British army officer (1911–2002)

Lieutenant-Colonel Robert Wilson (4 November 1911 – April 2002) was a British Army officer of the Second World War. He escaped twice from captivity, having been taken and becoming a prisoner of war.

==Military career==
Wilson worked as a draughtsman for the Bristol Aeroplane Company and served as a gunner in the Territorial Army, before commissioning into the 5th Survey Regiment of the Royal Regiment of Artillery on 2 September 1939.

He served in the Battle of France with the 3rd Survey Regiment, Royal Artillery before being evacuated from Dunkirk. In November 1940 he joined a 'Folbot' section of No. 8 (Guards) Commando and saw service in the Middle East.
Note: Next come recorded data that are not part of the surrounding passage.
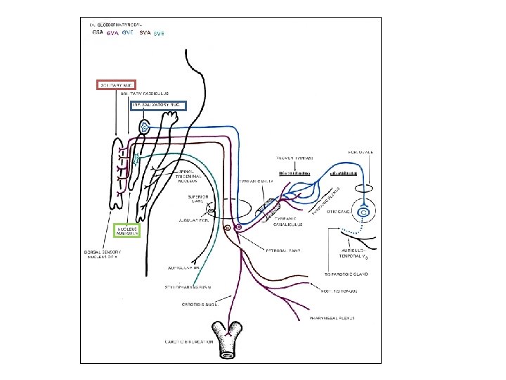 Branches § Tympanic: relays in the otic ganglion and gives secretomotor to the parotid gland § Nerve to Stylopharyngeus muscle. § Pharyngeal: to the mucosa of pharynx. § Tonsillar. § Lingual : carries sensory branches, general and special ( taste) from the posterior third of the tongue. • Sensory branches from the carotid sinus and body ( pressoreceptors and chemoreceptors).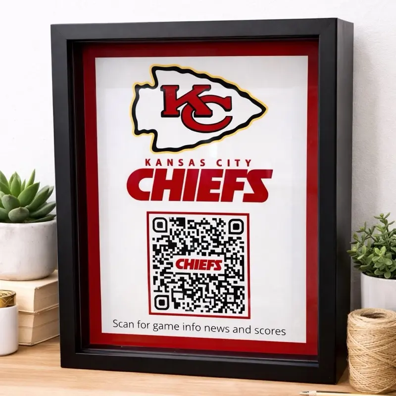 Show off your love for the Kansas City Chiefs with this one-of-a-kind interactive 8x10 shadow box. This custom fan display is more than just decor — it includes a scannable QR code that gives you quick access to Chiefs game information, highlights, scores, and schedules.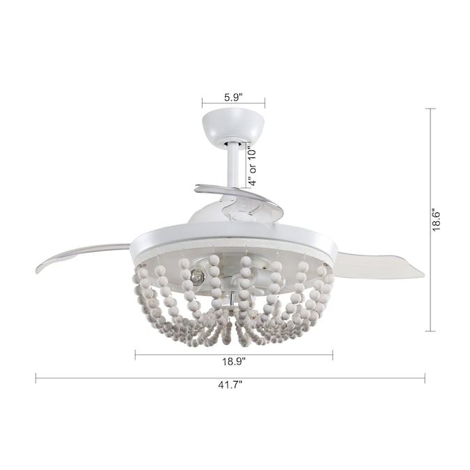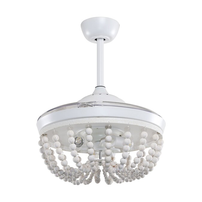 A fan for all seasons and styles, this white ceiling fan with light and remote control has a classic design that blends well with styles from modern industrial to rustic farmhouse. Its 3 blades retract when not in use, leaving only the large and attractive central light. This fan takes three lights for wonderful illumination surrounded by artful and interesting wood beads for a delightfully distinctive look. The remote control conveniently controls all of its settings and options,including a timer.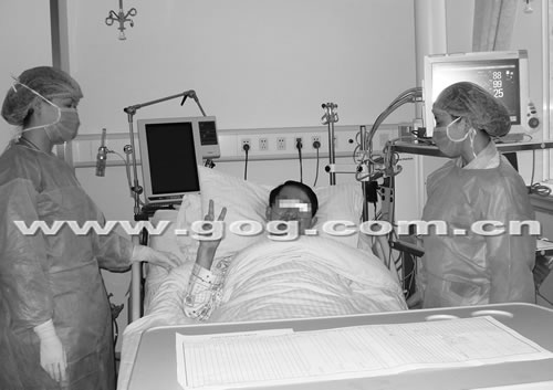 “由于不能開口說話,他在書寫板上給寫了‘醫(yī)生我能活嗎?’幾個(gè)字,”日夜在周某身邊看護(hù)的護(hù)士長(zhǎng)張桂屏回憶說。當(dāng)時(shí)在場(chǎng)的醫(yī)生護(hù)士都安慰他:“能活,北京的專家也在,全國(guó)人民都在救你,你要堅(jiān)強(qiáng)!甭牭结t(yī)生們這樣說,周某當(dāng)時(shí)感動(dòng)得熱淚盈眶。

In April 1941 he was a founder member of Roger Courtney's Special Boat Service (SBS) and participated in operations in the Mediterranean and North Africa. In February 1942 he was awarded the Distinguished Service Order for his role in six SBS raids in Egypt and Libya. In September 1942 he was captured during an operation in Italy and was marked for transportation to a German prisoner of war camp, but successfully escaped at Modena station. Wilson was recaptured in Rome on 8 January 1944 and held at Stalag IV-B. He was later transferred to Oflag VIII-F and then to Oflag 79, which was liberated by US forces on 12 April 1945. On 20 December 1945 he was awarded a Bar to his DSO is recognition for his actions during and after his capture.
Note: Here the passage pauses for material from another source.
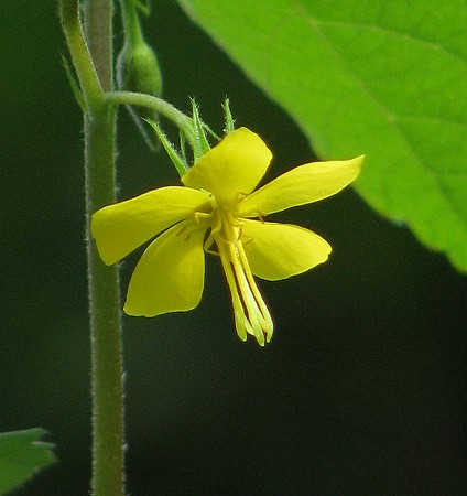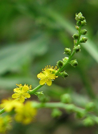 200809/20 無題 未選択 0 「暑さ寒さも彼岸まで」と云う言葉が、当を得ていたのはいつ頃までだったでしょうか。近年は残暑厳しく秋の彼岸が近くなっても日中の暑さは身に堪えます。でも、花々に逢いたくて徘徊する私です。カラスノゴマ〈烏の胡麻〉シナノキ科昨秋、果実をつけた「カラスノゴマ」さんに初めてお目にかかり、花を見たいと、同じ場所に出掛けました。綺麗な黄色の花に感激キンミズヒキ(金水引)バラ科すぐ近くに、「私も撮って」と「キンミズヒキ」さん。綺麗な黄色の花でした。整った星型の花は、径3mmほどです。アカネ(茜)アカネ科小さくて可愛い花を沢山つけているのは、「アカネ」さんです。根っこが赤いことからの命名ですが、引っこ抜いて確認はしてません。ゲンノショウコ(現の証拠)フウロソウ科紅白の花がまじって咲いていました。こんな可愛い植物が素晴らしい薬効成分を持っているんですねぇ。ヤマジノホトトギス(山路の杜鵑草)ユリ科この方も性転換する植物ですね。画像の花は雄蕊が雌蕊より、下方に降りています。つまり、雄蕊先熟で雄花の時期なんです。雄蕊が花粉を出し切ると、今度は雌蕊が降りてきて雌花の時期と変わります。同花受粉を防ぐてだてです。シロバナサクラタデ(白花桜蓼)タデ科この方は、雌雄異株です。ってことは画像は雄株ですな。ってことは雌株も撮影ですな。行って来ま~す。

Between February 1946 and September 1947, Wilson served as Battery Commander, 66th Airborne Anti-Tank Regiment Royal Artillery in Palestine during the Palestine Emergency. He then returned to UK and served as a Battery Commander in heavy anti-aircraft and light anti-aircraft regiments and then as a Staff Officer Royal Artillery at the Army Air Transport Development Centre. From 1951 to 1953 Wilson was a Battery Commander in the 14th Regiment Royal Artillery, and served in the Korean War. On 24 April 1953 he was Mentioned in Dispatches. Between 1953 and 1956 he was Second-in-Command of the 38th Training Regiment RA in North Wales, before serving as Commanding Officer of the 37th Heavy Anti-Aircraft Regiment RA in Malta. Wilson retired from the regular army in April 1958 with the rank of lieutenant colonel.

Wilson was the subject of a 1985 book by Rex Woods, called Special Commando : the wartime adventures of Lt-Col Robert Wilson, DSO and Bar.